Ethical concerns in Computer Vision
The rise of deepfakes and other types of computer-generated images and videos that can be made using image synthesis has given rise to ethical concerns within the industry. Some of the potentially unethical uses for this technology involve using deepfakes to create artificial pornography by swapping the faces in the scenes with someone else's or even creating entirely artificial videos of politicians making convincing videos of statements that they did not actually make.
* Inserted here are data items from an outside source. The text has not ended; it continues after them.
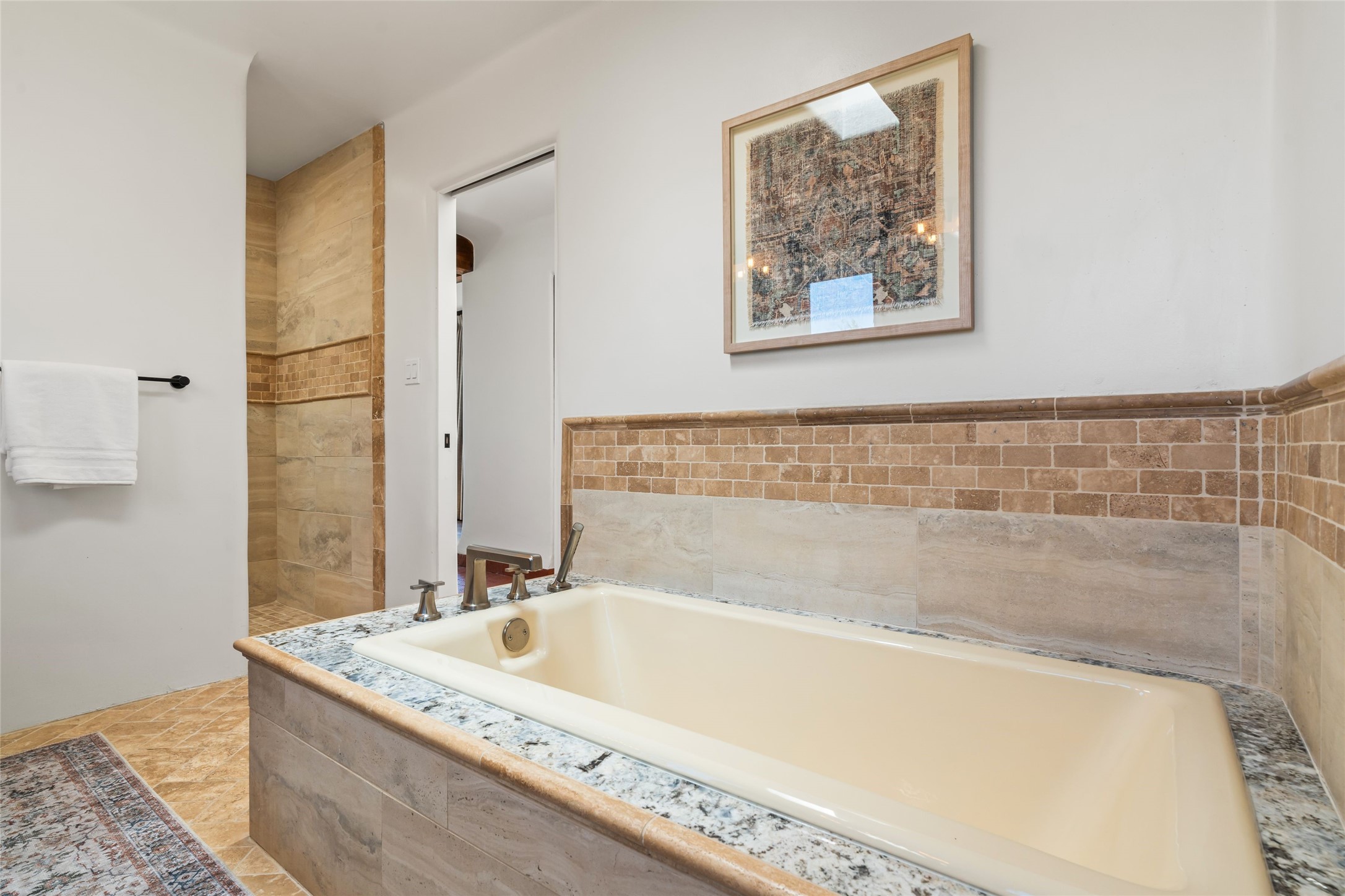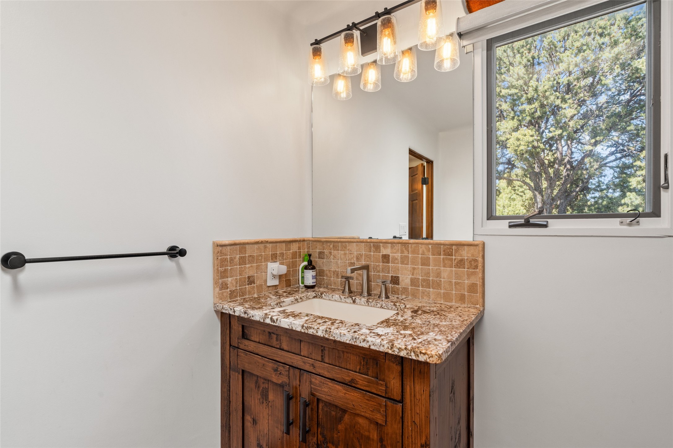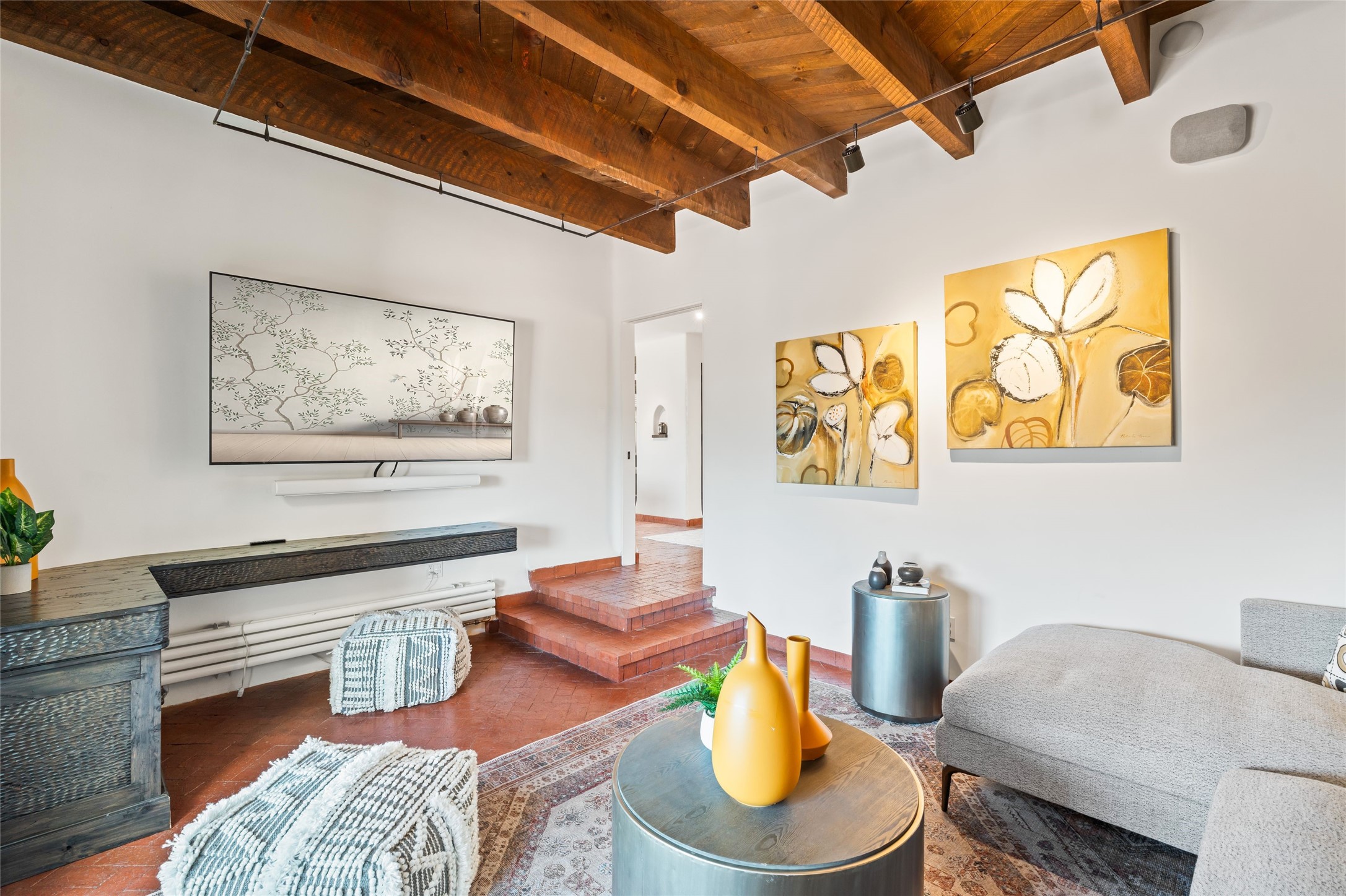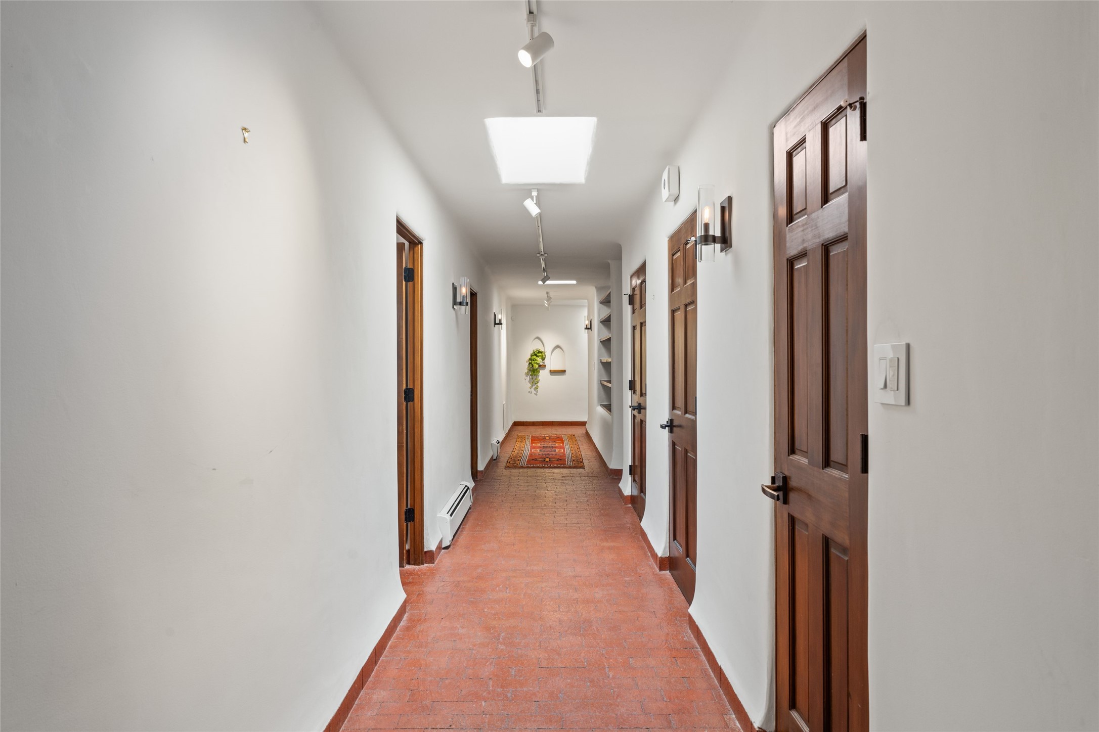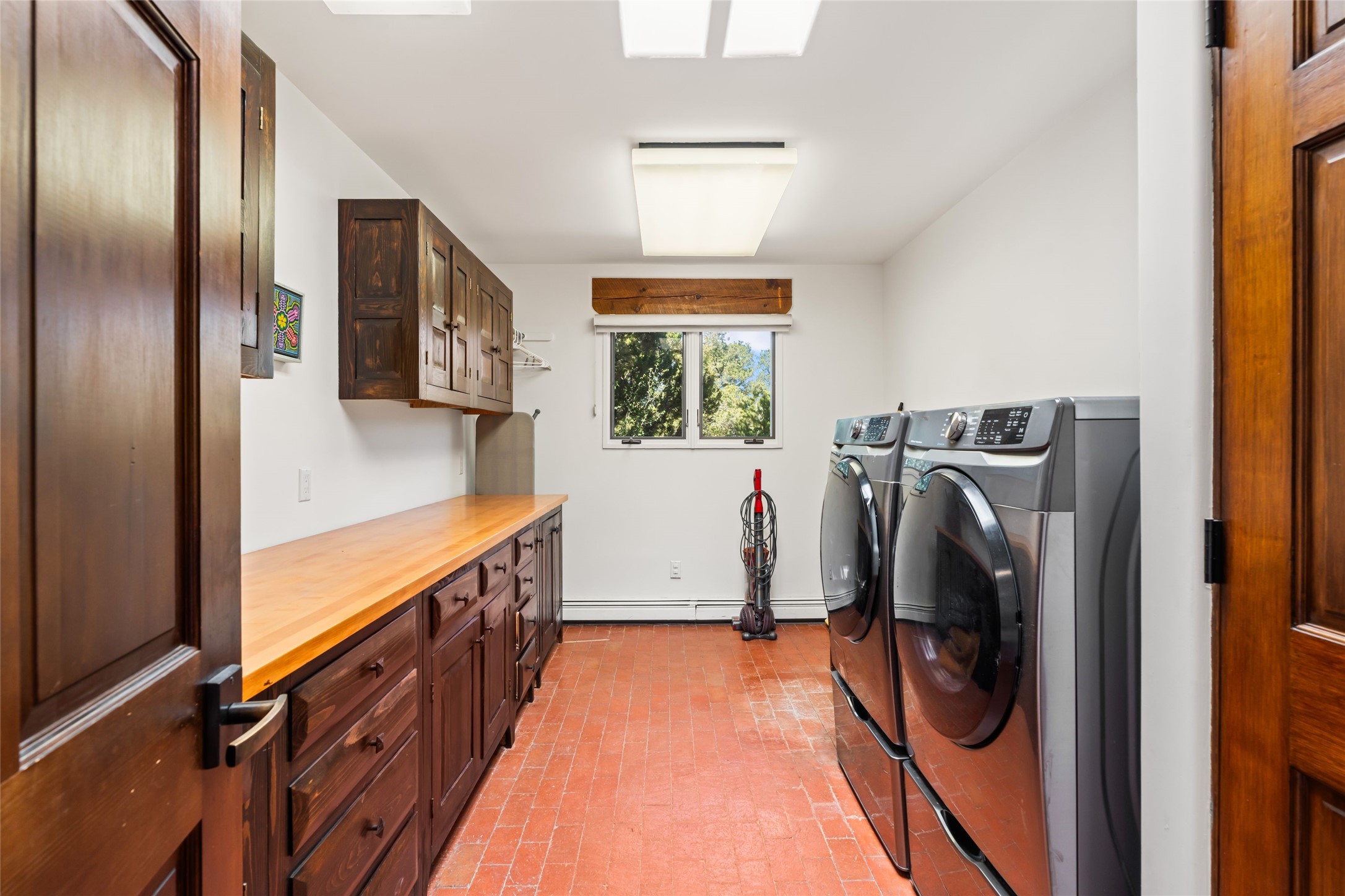 Breathtaking views and timeless Santa Fe charm converge in this enchanting light-filled Pueblo Revival home, ideally situated on 2.5 private, wooded acres just minutes from the historic Santa Fe Plaza. With panoramic vistas of the Sangre de Cristo Mountains, this single story 4-bedroom, 3.5-bath residence offers a rare combination of serenity, style, and location.At the heart of the home, the open-concept chef's kitchen--fully rebuilt in 2023--flows beautifully into the dining and living spaces, anchored by a massive picture window that captures the ever-changing mountain light. Outfitted with top-tier appliances by Wolf, Thermador, and KitchenAid, the kitchen features hand-glazed brick backsplash, premium granite countertops, abundant knotty alder cabinetry, clever under-counter storage solutions, and a oversized walk-in pantry.The four spacious bedrooms include two luxurious primary suites, each with a private full bath. These suites, along with the den, living room, and dining room, open directly onto a generously scaled patio, offering spectacular indoor/outdoor living with sweeping views of the Sangre de Cristos--a true extension of the interior space and an entertainer's dream. The patio features a covered portal, dining area, hot tub, and fire pit. Inside, classic Santa Fe design elements abound: two kiva fireplaces, exposed beams and vigas, ample skylights, brick flooring, decorative tile work and built-in bookcases lend warmth and regional authenticity to every room. The layout balances openness with privacy, including a separately located owner's suite with dual walk-in closets and stunning mountain views. Creative pursuits find a natural home in the separate workshop/art studio/yoga room, while ample storage, including a large laundry room and an oversized two-car garage, ensures functionality matches beauty. A beautiful home office space with large windows provides additional options for working from home, a home gym, or can be used as a 5th bedroom
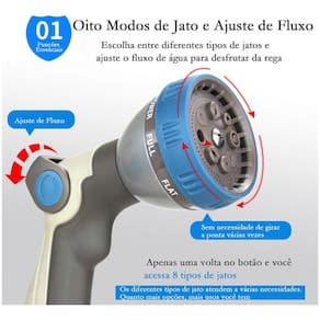 Mangueira retrátil flexível expansível reforçada jardim casa Cor: azul Transforme suas tarefas de jardinagem e limpeza em momentos de praticidade com a mangueira retrátil flexível expansível. Com seus 30 metros de comprimento, ela expande automaticamente com o fluxo de água e se retrai rapidamente após o uso, economizando espaço e facilitando o armazenamento.
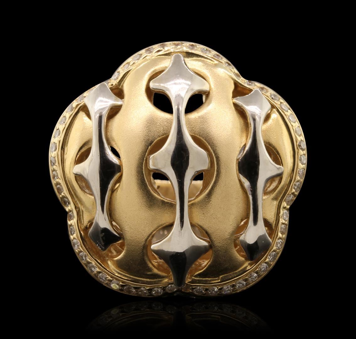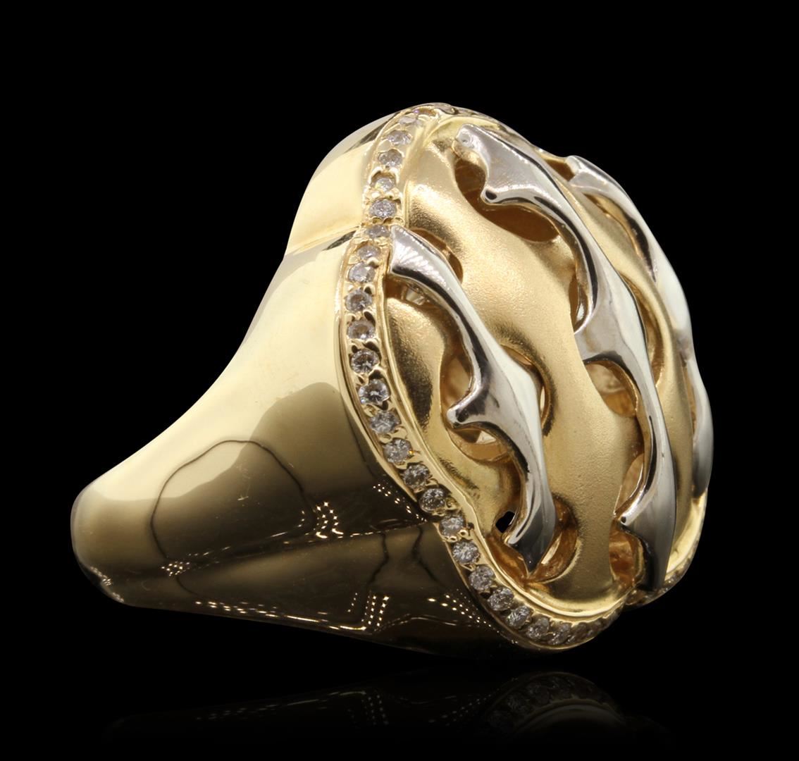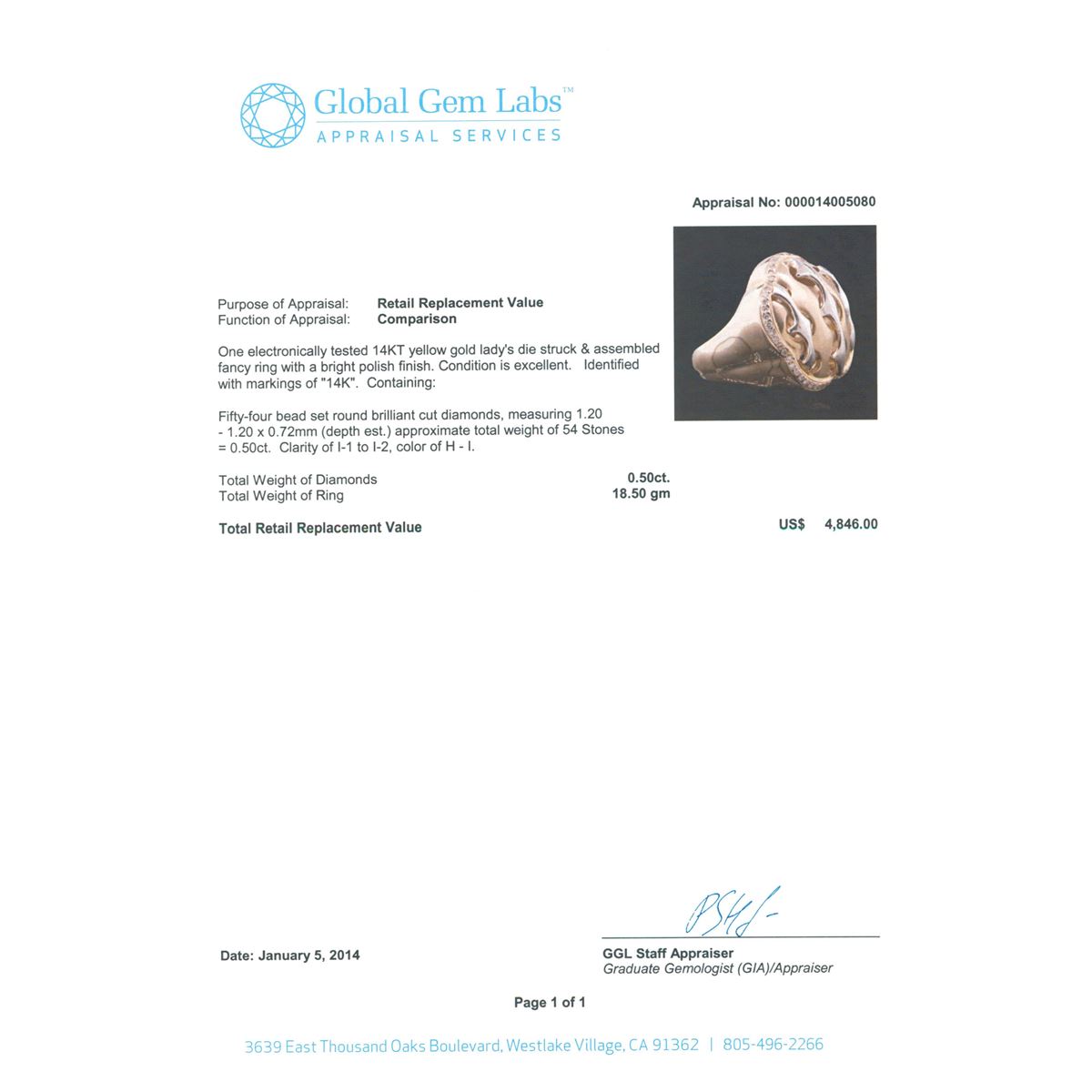 One electronically tested 14KT yellow gold Ladies die struck & assembled fancy ring with a bright polish finish. Identified with markings of "14K". Condition is excellent. Containing: Fifty-Four bead set round brilliant cut diamonds, measuring 1.20 - 1.20 x 0.72mm (depth est.) approximate total weight of 54 Stones = 0.50ct. Clarity of I-1 to I-2, Color of H - I. Total Weight of Diamonds 0.50ct. Total Weight of Rin 18.50gm. GGL Appraised at $4,846.00.

There is also the issue of systemic bias in the field of computer vision, which may at least partially come from the datasets used to train models. Facial recognition technology has been shown to produce higher error rates for black and Asian faces than for other races, leading to issues of misidentification that can become problematic when these systems are put into use by law enforcement.
Fraud detection and prevention is another major issue, particularly as it concerns facial recognition. By using this technology as a security feature, hackers and fraudsters have been attempting to find ways to game these systems to improperly gain access. Computer vision systems must be able to distinguish between a real face and various impersonation tactics, such as photographs and masks.
What lies ahead for Computer Vision
Despite the long history of computer vision, it’s really only within the past decade that the industry has exploded in its popularity as a field of study and as a practical solution for problems across industries. Greater accuracy and contextual understanding of images are powering new possibilities for these convolutional neural networks as more of this becomes possible to achieve in real-time.
Tesla is a very good example of a forward-looking application of computer vision to self-driving cars. Tesla hopes to eventually achieve Full Self-Driving, which will enable their electric cars to use autopilot to navigate roads without the need for human intervention. This means a driver may summon their car to them from anywhere and use it to reach another destination without having to manually intervene. This is not yet possible due to the complexity of the tasks involved and the relative infancy of the technology, but it is a good demonstration of what industry leaders hope to leverage deep learning for computer vision to achieve.
Another practical use case of this technology is enabling tourists to find their way around countries where they do not speak their native language. Apps like Google Translate use deep learning and computer vision to recognize characters in images and translate them in real-time into different languages. Using this technology, a tourist can point their camera at a train timetable, restaurant menu, or street sign written in a foreign language and have it translated into their native language in real-time. This drastically reduces language barriers and allows people to communicate who otherwise would have struggled beforehand.